From recording the vitals of the vulnerable population, listening to their concerns about hospitalisation to persuading those with Covid symptoms to get the test done, she spends most of the day interacting with people.
All the while, she feels that there are much more Covid-affected people who are not diagnosed yet. In her district, Ballari, roughly four in 10 tested are turning positive already.
During the rest of the day and sometimes, even at night, she attends to the needs of pregnant women, women in postnatal care, children and those who are severely sick.
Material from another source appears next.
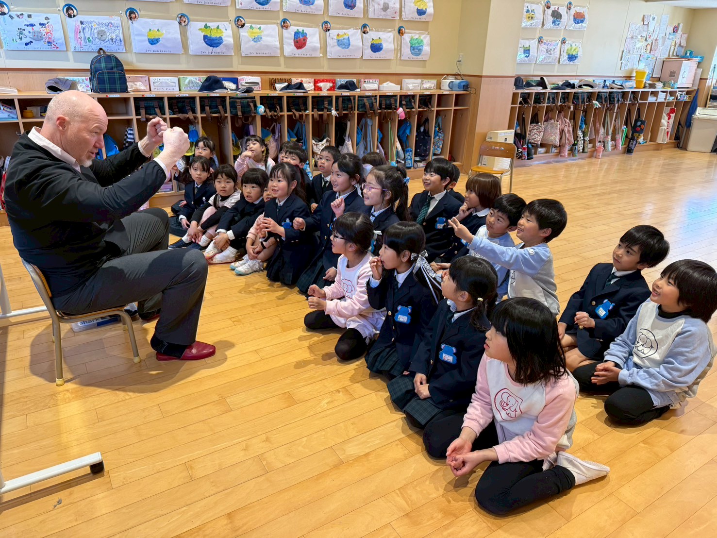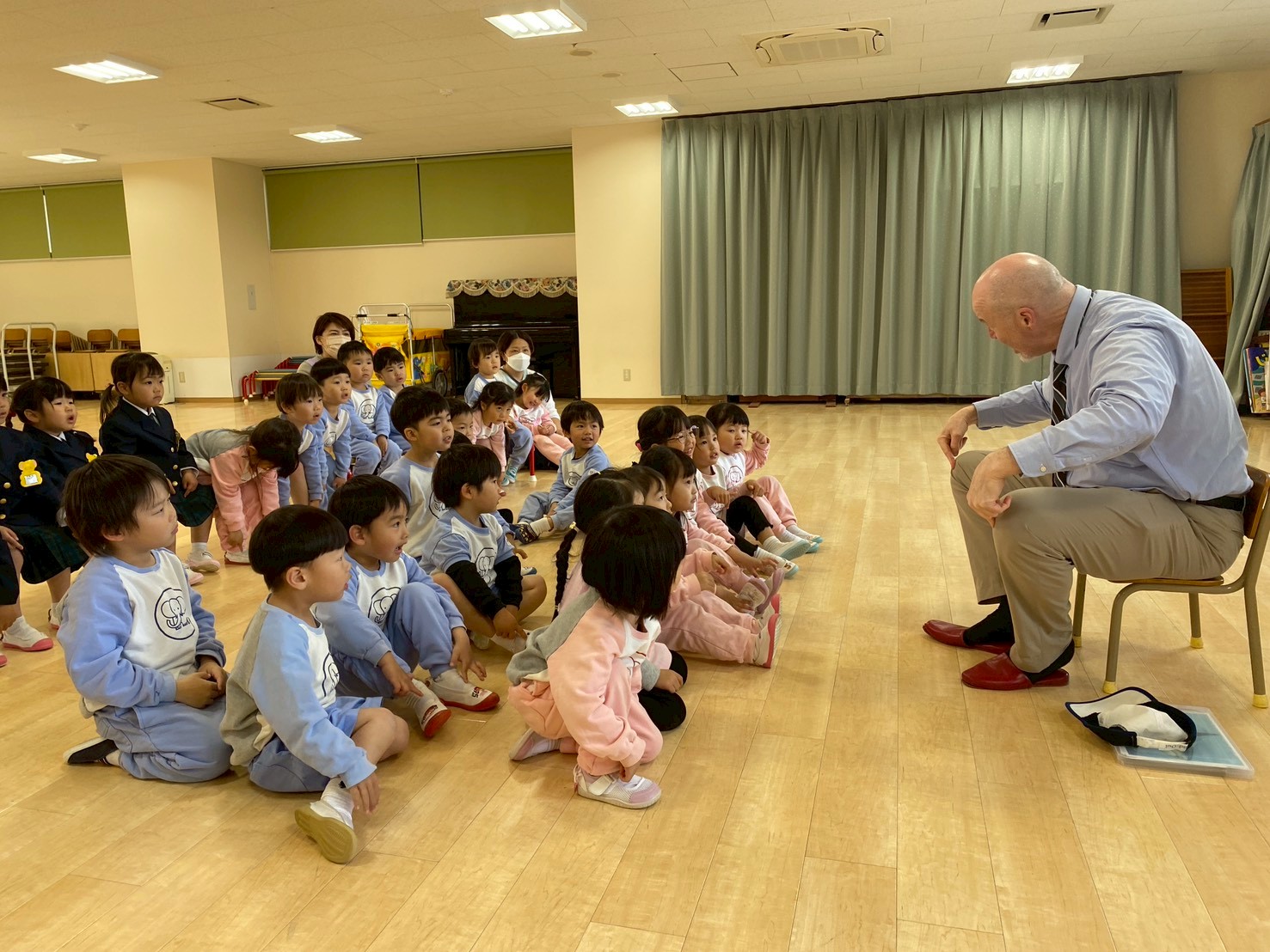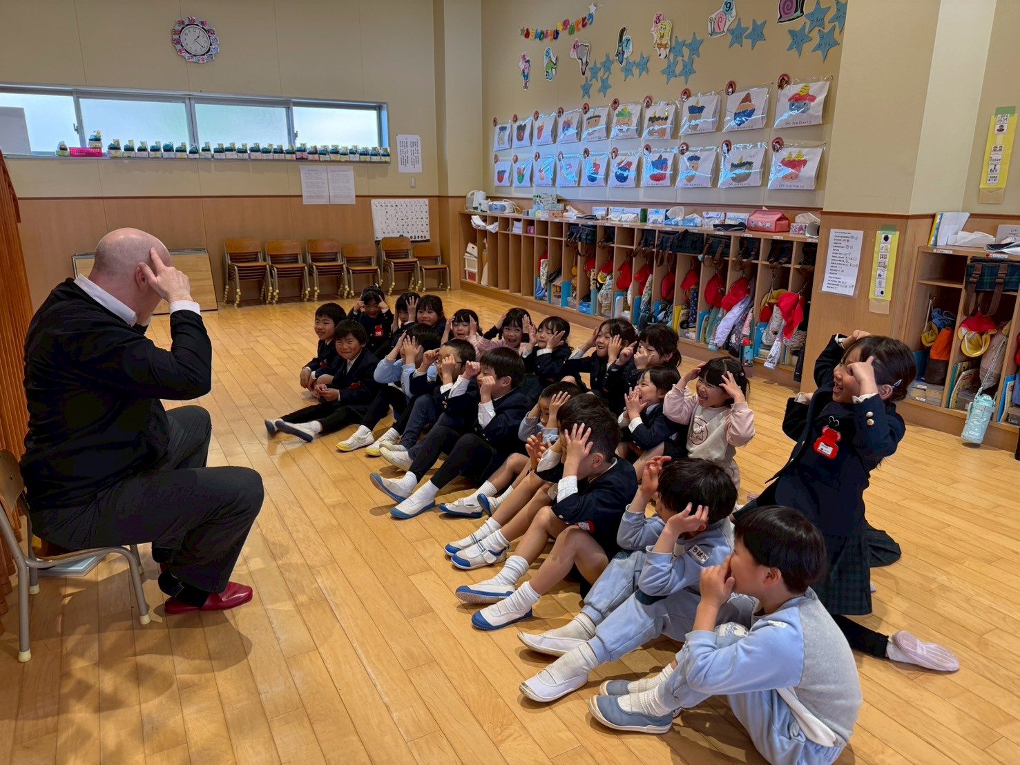 ミドルトン先生を見かけると「ハロー!」「ハロー!」と声をかける子どもたちの姿は、とても微笑ましいです。これからもみんなで楽しく英語に触れていきたいです。

Equipped with just a cloth mask, a sanitiser bottle, a pulse oximeter and Covid-19-related information she has gathered from different sources over the past year, Rajeshwari tries her best to protect herself and over 250 households in her care.
“Every time I try to clear their doubt or address a fear, I realise how underprepared I am. Everything is so confusing. Will I be able to protect people or end up losing their trust?” she asks.
Like Rajeshwari, around 42,000 ASHAs, who are the face of the public healthcare system in the villages and effectively the first point of contact for lakhs of people seeking medical attention, are feeling helpless.
ASHAs, along with anganwadi teachers, health assistants, staff nurses, primary health centre doctors, and in some places, mid-level health providers, are the foot soldiers in the fight against surging cases of Covid-19 in rural areas. On May 13, 65.7 per cent Covid cases in the state were reported from outside Bengaluru.
While experts say that the Covid situation in rural areas is a ticking bomb, the ones who can save people from this crisis are feeling defenceless due to the lack of evidence-based information about Covid, their lack of training in counselling and more importantly, a perceived disregard for their work.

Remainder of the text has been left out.